[MRG] Missing values imputation #2148

NicolasTr · 2013-07-10T16:33:32Z

Here's some code for the data imputation.

It's still a work in progress so Travis will probably be mad at me.

I'll work on the documentation tomorrow. Meanwhile, you can look at the tests if you want to see how it works.

_What's new_
I added four classes:

MeanImputer: replace the missing values with the mean of the row/column
MedianImputer: replace the missing values with the median of the row/column
MostFrequentImputer: replace the missing values with the most frequent value in the row/column
RandomImputer: replace the missing values with one of the values of the row/column

_Behaviour_

Any value can represent a missing value (not only np.nan for dense matrices and 0 for sparse matrices, any value)
Different missing values can be imputed separately in a pipeline
Support dense and sparse matrices
To determine: What should the imputer do if he has nothing to work with? For example: What should be done if there's no median value because the whole row/column is missing?
- 0 for the mean and np.nan for the median/most frequent/random?
- always np.nan?
- Let the user choose with a parameter?

_What's missing_

glouppe · 2013-07-10T20:00:27Z

sklearn/preprocessing.py

+    @abstractmethod
+    def __init__(self,
+                 missing_values_fit=[np.nan],
+                 missing_values_transform=[np.nan],


Could it be possible to make missing_values_transform=None by default and then assume missing_values_transform is the same as missing_values_fit? I think it is the most common use, isn't it?
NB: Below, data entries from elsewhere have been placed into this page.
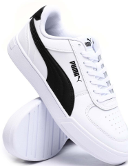
Puma # 38081002 WHITE/BLACK

CAVEN: Synthetic leather upper. Rubber Midsole and Outsole. Perforated toe box. PUMA Logo at tongue and heel.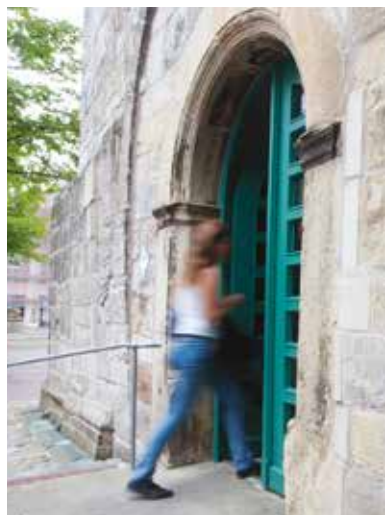
Left: Entering the 13th-century Liebfrauenkirche in Neustadt am Rübenberge for a prayer stop during the pilgrimage.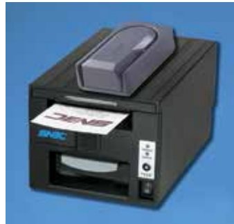
Easily Supports Other Devices, Optimizing Footprint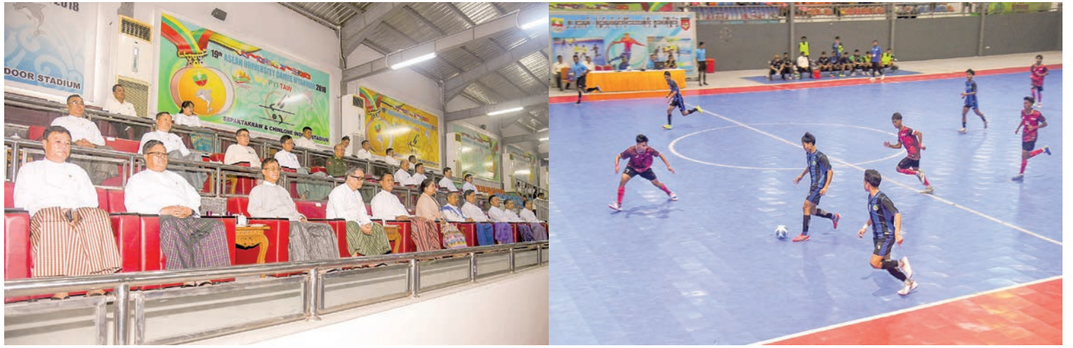
SAC members and dignitaries watch the opening match of the 2024 Inter-State & Region Futsal Championship yesterday in Nay Pyi Taw.

Union Minister for Sports and Youth Affairs U Min Thein Zan, who is also Chairman of the Myanmar Olympic Committee, addressed the gathering, highlighting the significance of organizing such state and regional futsal tournaments. He emphasized that these competitions serve as a vital foundation for discovering and nurturing new talents and expressed hope that the event will lead to the emergence of outstanding young players. He urged all involved, including organizers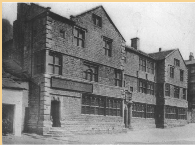
The Folly c.1900

‘First class display of exhibits – very professionally done’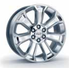
22" 7-SPOKE SILVER (SF1) ACCESSORY WHEEL<sup>3</sup>

Is there a use case for encoding missing value differently at fit and transform time? Also is there a use case for encoding missing values with more than one value?

I'd rather just use missing_values=np.nan. This should simplify both the interface and the code.

Could it be possible to make missing_values_transform=None by default and then assume missing_values_transform is the same as missing_values_fit? I think it is the most common use, isn't it?

Ok

Is there a use case for encoding missing value differently at fit and transform time? Also is there a use case for encoding missing values with more than one value?

I two cases:

with a Pipeline

for matrix completion (I'll probably use 0 for the missing values and np.nan for the missing values that should be imputed)

with a Pipeline

Can you elaborate?

I'll probably use 0 for the missing value and np.nan for the missing values that should be imputed

So there are two kinds of missing values?

For the Pipeline: https://github.com/scikit-learn/scikit-learn/pull/2148/files#L1R985

So there are two kinds of missing values?

Yes. For example: If you have a matrix where (i, j) is the rating that the user i gave to the movie j. You may want to impute the ratings that the active users would give to the movies that are actually in theaters. In this case:

np.nan (or something else) for these ratings

0 for the rest of the missing ratings

I have a usecase for this.

I work on a similarity matrix, representing interaction frequencies between regions of DNA. I have two types of missing data. The first one is that we do not have enough cells to have a measure. It means that the two regions are far away from each other. The second one is due to repetitions in the DNA sequence.
In both case, I can infer the missing data, but the inference is very different.

On Wed, Jul 10, 2013 at 01:00:30PM -0700, Gilles Louppe wrote:

Could it be possible to make missing_values_transform=None by default and then
assume missing_values_transform is the same as missing_values_fit? I think it
is the most common use, isn't it?

I don't even think that we should make a difference.

I work on a similarity matrix, representing interaction frequencies between
regions of DNA. I have two types of missing data. The first one is that we do
not have enough cells to have a measure. It means that the two regions are far
away from each other. The second one is due to repetitions in the DNA sequence.
In both case, I can infer the missing data, but the inference is very
different.

It sounds to me like you need to imputations, not a different fit and
transform. Am I wrong?

G

I don't even think that we should make a difference.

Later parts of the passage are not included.